Ratatosk is the squirrel who there shall run
On the ash-tree Yggdrasil;
From above the words of the eagle he bears,
And tells them to Nithhogg beneath.


From Grimnismol, translation from Old Norse by Henry A. Bellows


We began our work on this project with recalling how we used to play in our favorite trees in the forest. There was no differentiation between spaces created through play and play in itself. This raised the question of how we can recapture this embedded interwoven reality of play, reflection and experimentation.


“Ratatosk” was designed in an analogical mode, through a sequence of playful encounters and empirical steps: selecting trees, 3D scanning, 3D modelling, exploring, CNC milling, assembling and synthesizing them into a new whole.


Our site, the courtyard of V&A Museum in London, with its proximity to the elegant red brick museum building, prompted our decision against the design of a small traditional building. Instead, referring the to the long tradition of British park architecture, we created a “tree folly”.

 

After extended research for the selection of a suitable tree species, we chose locally sourced pollarded/coppiced ash trees. The selection fulfilled the needs of our initial design intent, with their characteristic short trunks and spindly branches. The trees were cut at their bases and split, then scanned and 3d modelled, so as to be ready for our digital interventions.


Scaled plastic prototypes enabled us to experiment, both virtually and physically, with positioning of the 10 half-trees in relation to each other. The trees were ultimately connected in a ring, their trunks linked at their branches, maximising stability and stiffness, eliminating the need for any additional structural support. The ring achieved the spatial quality we envisioned: an intimate but, at the same time, airy and open assembly.


After the trees were positioned, we designed a CNC milling pattern which unified the interior surfaces of all ten half-trees, while. The milling reflected the trees’ intrinsic qualities such as fiber direction, formation of branches as well as their performative potential for activities such as climbing, sitting, imagining etc. The smooth refinement of the interior surface of the trees contrasts starkly with the rough bark exterior.

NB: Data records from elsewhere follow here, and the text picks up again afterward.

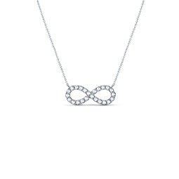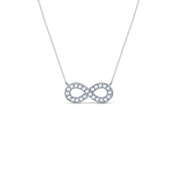 This infinity diamond pendant necklace makes an enduring symbol of love. Prong setting securely hold the brilliant cut diamonds while the stylish and sentimental figure eight design is gracefully susp...
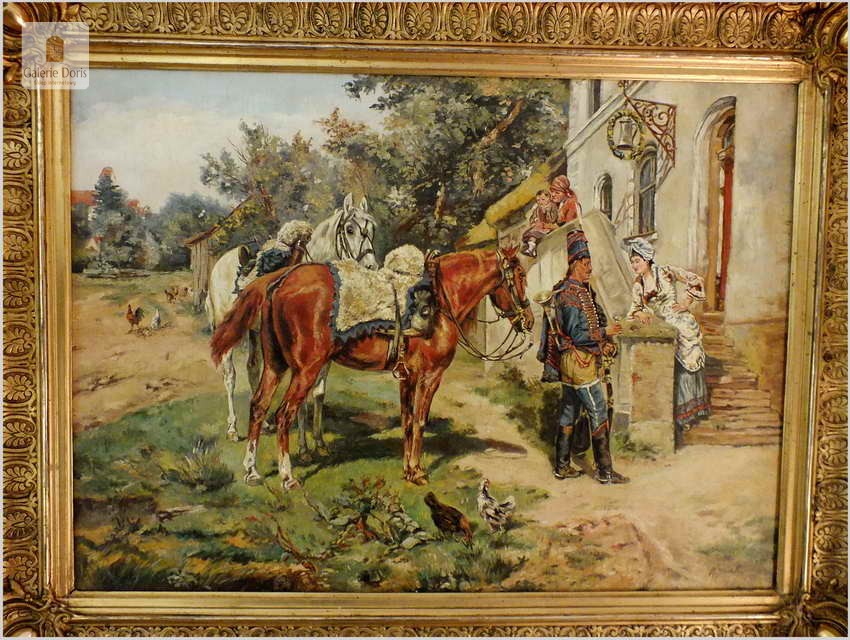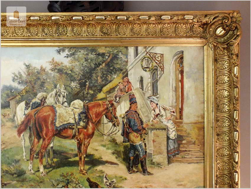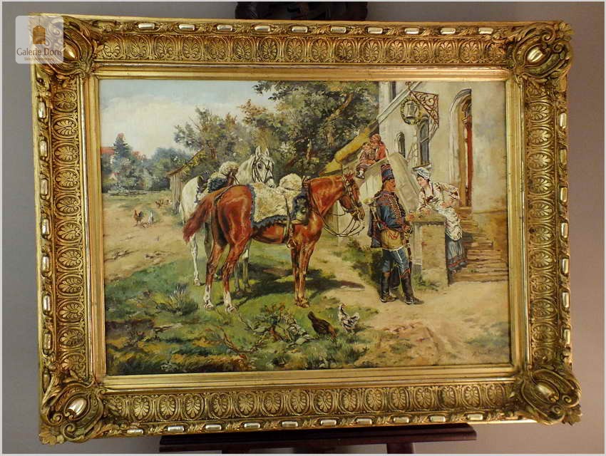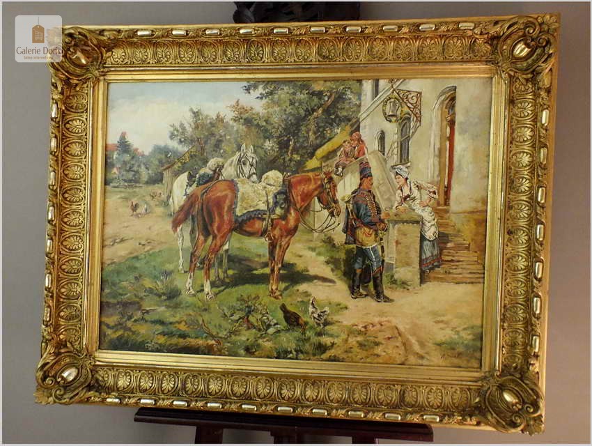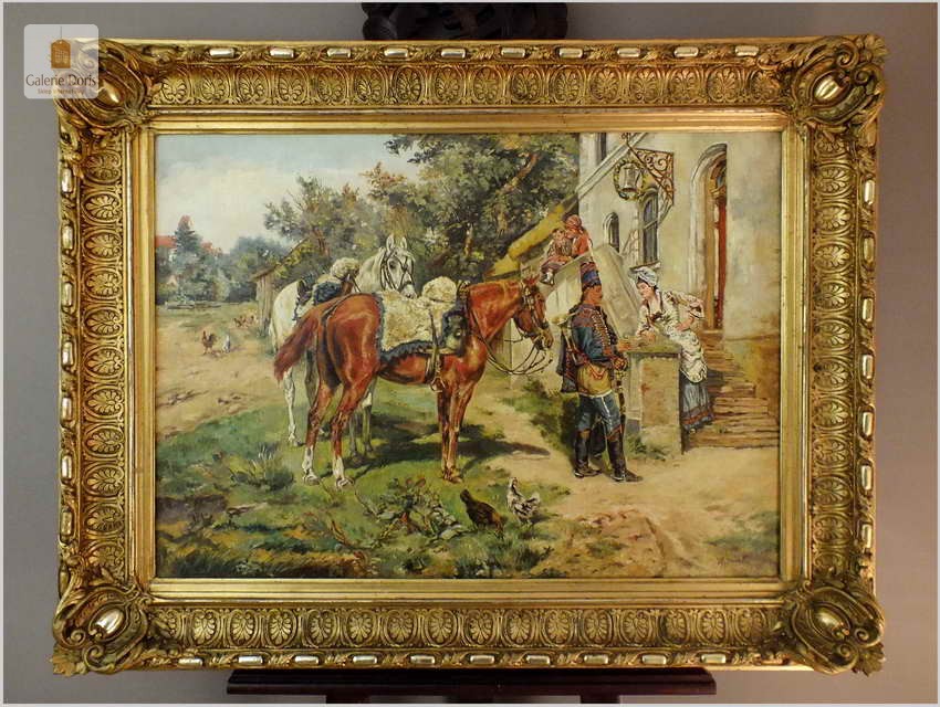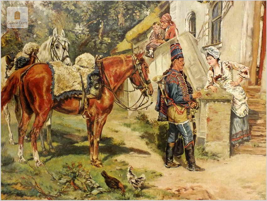 Malarstwo Rodzajowe! Huzar i Dziewczyna - Angelo Jank (1868-1940)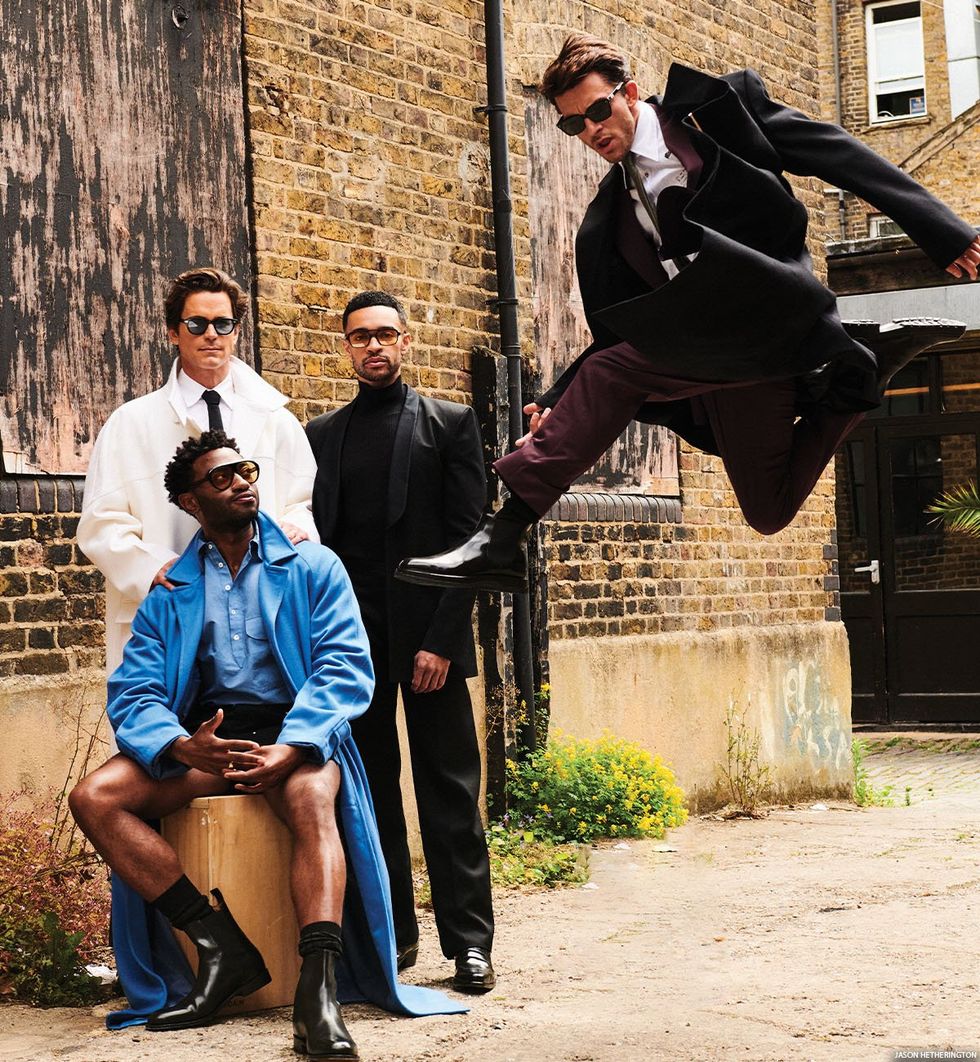 Cover Image Credits: Jonathan - MAXIME Suit; EDWARD SEXTON Shirt; MANOLO BLAHNIK Shoes; THE LONDON SOCK CO. Socks; SCOTCH AND SODA Sunglasses; JONATHAN’S OWN Necklace // Noah - GIVENCHY Vest; SIMONE ROCHA Pants; MAXIME Shoes; ROCKINS Scarf // Jelani - TORON Shirt and Pants; MALONE SOULIERS Shoes; A SINNER IN PEARLS Necklace // Matt - KING AND TUCKFIELD Knit and Pants; HERMES Shoes

All parts of the trees, trunk, bark, wood chippings, roots and branches were refined and assembled together into a new whole. The roots were milled and grafted with additional support and serve as fundaments. Trunks and roots are connected with slotted in timber-taps. The roof is woven of sliced branches, which are mounted to the branch-stumps. Bark and wood chippings filled into netting created pillows are moulded and utilized as a soft play and protecting landscape. The result is a prefabricated kit, which was developed on a number of integration levels simultaneously, and challenged the traditional sequence of the design process.